Detailed results will be presented during a poster session at the
European Society for Medical Oncology Congress (ESMO 2014) in Madrid,
Spain, September 26-30 (Abstract #5072).
In this randomized, double-blind, placebo-controlled Phase 2 trial, 236
patients with advanced pancreatic cancer received intravenous
gemcitabine plus either intravenous simtuzumab (200 mg, n=76; 700 mg,
n=79) or placebo (n=81) in cycles of 28 days. Median PFS for the
simtuzumab 200 mg, simtuzumab 700 mg and placebo groups was 3.5 months,
3.7 months and 3.7 months, respectively. The difference in PFS between
the simtuzumab and placebo arms was not statistically significant.
Expected gemcitabine-related toxicities included anemia,
thrombocytopenia, neutropenia and nausea. There was no difference in
adverse events between patients taking simtuzumab versus placebo.
“Although simtuzumab did not provide clinical benefit in
difficult-to-treat advanced pancreatic cancer patients in this study, we
continue to explore simtuzumab in other areas of unmet medical need,
with ongoing clinical trials in colorectal cancer, myelofibrosis and
serious fibrotic lung and liver diseases,” said Norbert Bischofberger,
PhD, Gilead’s Executive Vice President of Research and Development and
Chief Scientific Officer.
Simtuzumab is an investigational monoclonal antibody that is highly
selective for LOXL2, an enzyme that modifies the extracellular matrix by
promoting the cross-linking of collagen fibers. LOXL2 is thought to play
an important role in tumor progression and metastasis and in the
development of fibrotic diseases. Simtuzumab is being evaluated in
several ongoing Phase 2 trials, including in combination with FOLFIRI
for advanced colorectal cancer, in combination with ruxolitinib for
myelofibrosis, as monotherapy for idiopathic pulmonary fibrosis,
a rare lung disease, and for liver fibrosis caused by non-alcoholic
steatohepatitis (NASH) and primary sclerosing cholangitis (PSC).

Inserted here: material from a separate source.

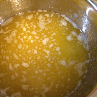 Zuerst in einem Topf bei kleiner Hitze die Butter schmelzen und auf der Seite leicht abkühlen lassen.

Other agents in Gilead’s oncology pipeline, including momelotinib and
GS-5745, are currently being evaluated in clinical trials for the
treatment of pancreatic cancer.
Additional information about clinical studies of simtuzumab and Gilead’s
other investigational cancer agents can be found at www.clinicaltrials.gov.

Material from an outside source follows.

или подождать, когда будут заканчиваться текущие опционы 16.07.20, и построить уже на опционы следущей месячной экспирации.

Simtuzumab, momelotinib and GS-5745 are investigational products and
their safety and efficacy have not been established.
About Gilead Sciences
Gilead Sciences is a biopharmaceutical company that discovers, develops
and commercializes innovative therapeutics in areas of unmet medical
need. The company’s mission is to advance the care of patients suffering
from life-threatening diseases worldwide. Headquartered in Foster City,
California, Gilead has operations in North and South America, Europe and
This press release includes forward-looking statements within the
meaning of the Private Securities Litigation Reform Act of 1995 that are
subject to risks, uncertainties and other factors, including the
possibility of unfavorable results from clinical trials involving
simtuzumab in other therapeutic areas. Gilead may also experience
challenges in enrolling patients in clinical studies, requiring those
studies to be modified or delayed. Further, Gilead may make a strategic
decision to discontinue development of simtuzumab if, for example,
Gilead believes commercialization will be difficult relative to other
opportunities in its pipeline. As a result, simtuzumab may never be
successfully commercialized. These risks, uncertainties and other
factors could cause actual results to differ materially from those
referred to in the forward-looking statements. The reader is cautioned
not to rely on these forward-looking statements. These and other risks
are described in detail in Gilead’s Quarterly Report on Form 10-Q for
the quarter ended June 30, 2014, as filed with the U.S. Securities and
Exchange Commission. All forward-looking statements are based on
information currently available to Gilead, and Gilead assumes no
obligation to update any such forward-looking statements.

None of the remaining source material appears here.